Hetzelfde type herpesvirus veroorzaakt waterpokken bij kinderen en gordelroos bij volwassenen.
Het begint allemaal met een infectie bij kinderen. Het herpesvirus vliegt door de lucht, verspreidt zich als tuberculose en gaat door de keel.
Daar hebben we een hele verstrooiing van grote en kleine amandelen, waarin lymfocyten zitten.
En nu komt het virus in deze lymfocyten terecht en reist het, net als een passagier in het openbaar vervoer, door het lichaam.
Lymfocyten taxiën snel over de snelweg, die we de bloedbaan noemen, en reizen alle kanten op.
De laatste stop is in de huid. Daar gooit een menigte virussen de bussen weg en picknicken. Het plezier eindigt met een wolk van blaren over de hele huid, inclusief de hoofdhuid.
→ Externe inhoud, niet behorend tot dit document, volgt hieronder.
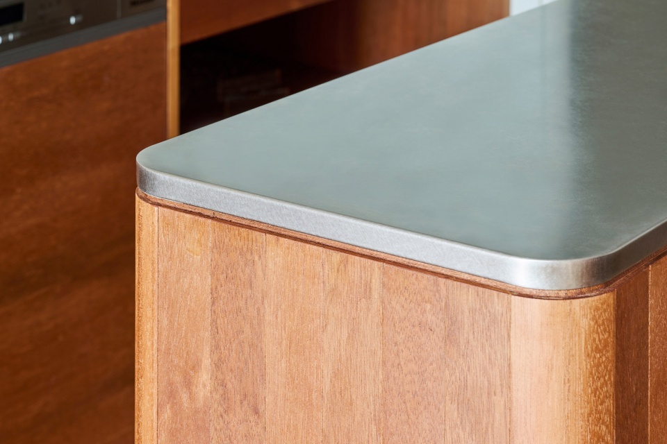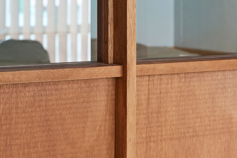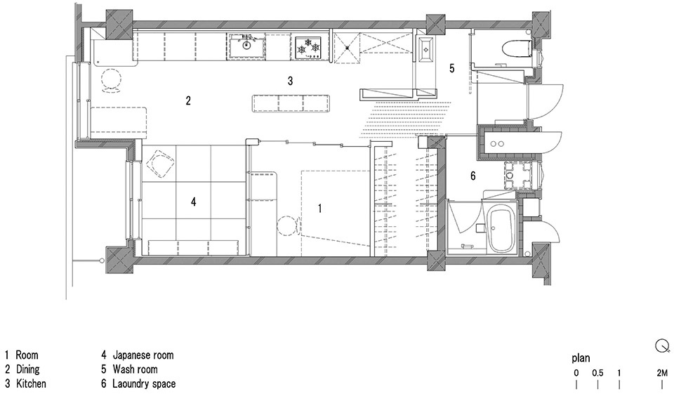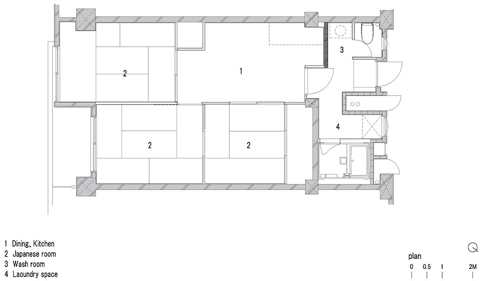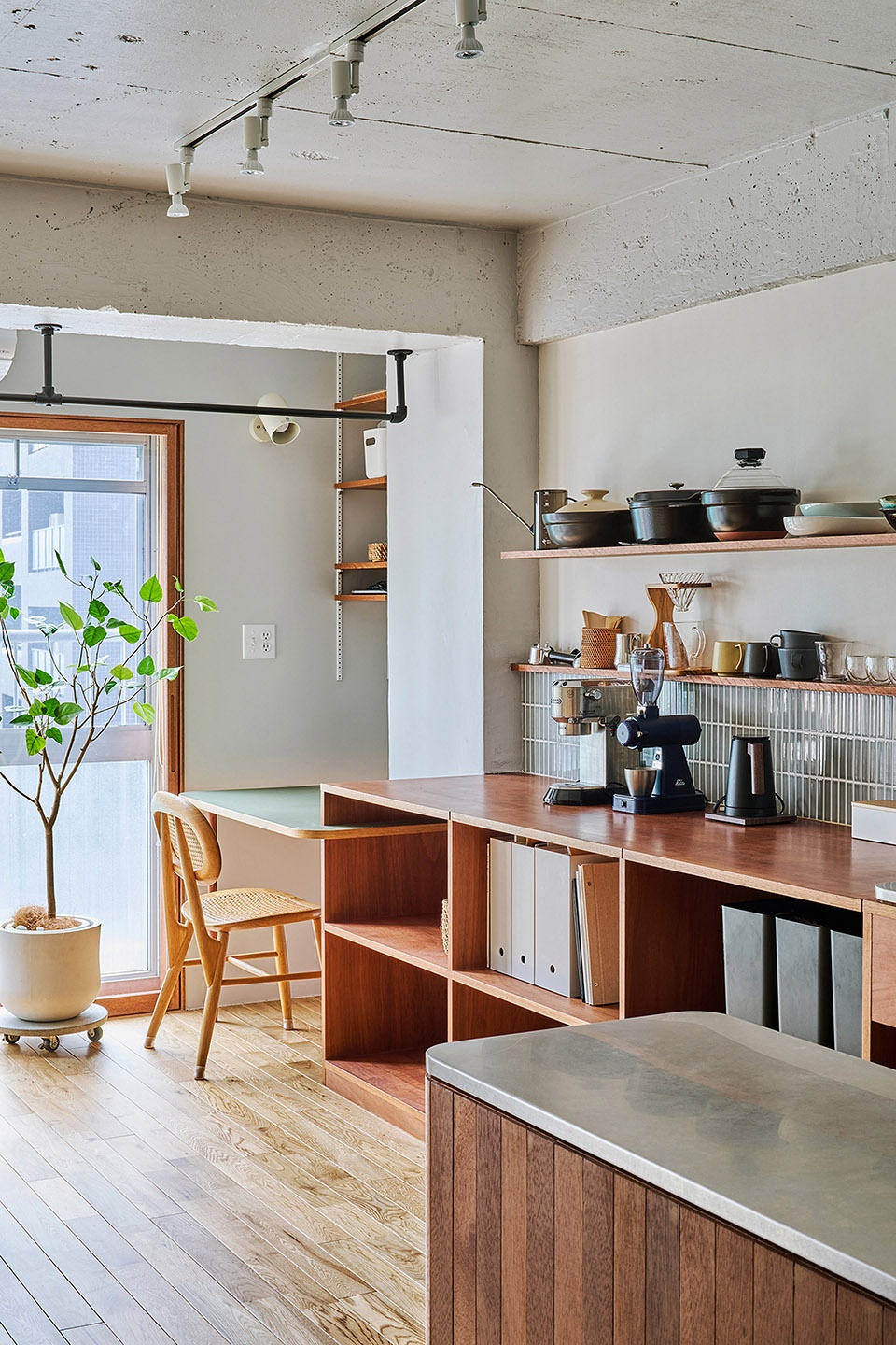在规划过程中,尽管住宅面积有限,我们仍提出以“开放”为核心的居住理念:让居住者在小尺度的空间中亲近自然、感受光风,并始终保持家人之间的交流与连结。原有住宅为典型的老式日式平面,起居室和卧室几乎没有窗户,室内昏暗潮湿,通风不良。我们在延续既有格局的基础上,以中央柱体和半透明的界面(如玻璃门、地面材质的变化等)进行空间划分,创造出通透舒适的环境。沿墙设置的长台面,将视线自然引向室外。台面与设施的高度设计结合光影的层次,使日常活动与光线的渐变相呼应。面向阳光充足的阳台一侧,被设计为类似“缘侧”的空间,成为可以静坐休憩的场所。

Vervolgens worden de virussen die naar boven lopen gestuurd om de nacht door te brengen. Ze vinden de uiteinden van de zenuwen in de huid en stijgen daarlangs naar de zenuwknopen dichter bij het ruggenmerg en de hersenen.
We kunnen zeggen dat hierop de grote cirkel van herpes zoster-reizen is gesloten.
In zenuwcellen zal een ondeugend virus onder toezicht van immuniteit leven. Daar mag hij zich niet langer misdragen.
Soms faalt de immuniteit. Het virus in de zenuwknopen verzamelt de manat en snelt langs de zenuwvezels terug naar de picknick in de huid.
En weer eindigt het allemaal in bubbels.
Het is duidelijk dat het immuunsysteem wild werd toen het herpes zoster uit de zenuwknopen losliet, dus het begint in de gunst te komen en, onder de hete hand, knaagt het nog steeds aan de zenuwknopen zelf. Hieruit blijkt bij patiënten met herpes zoster een onbegrijpelijke uitputtende pijn.
Dus het blijkt dat gordelroos al in de kindertijd een volledige draai in ons lichaam maakt, en dan laat immuniteit het soms toe om in de huid te komen. Dit is weer een halve draai.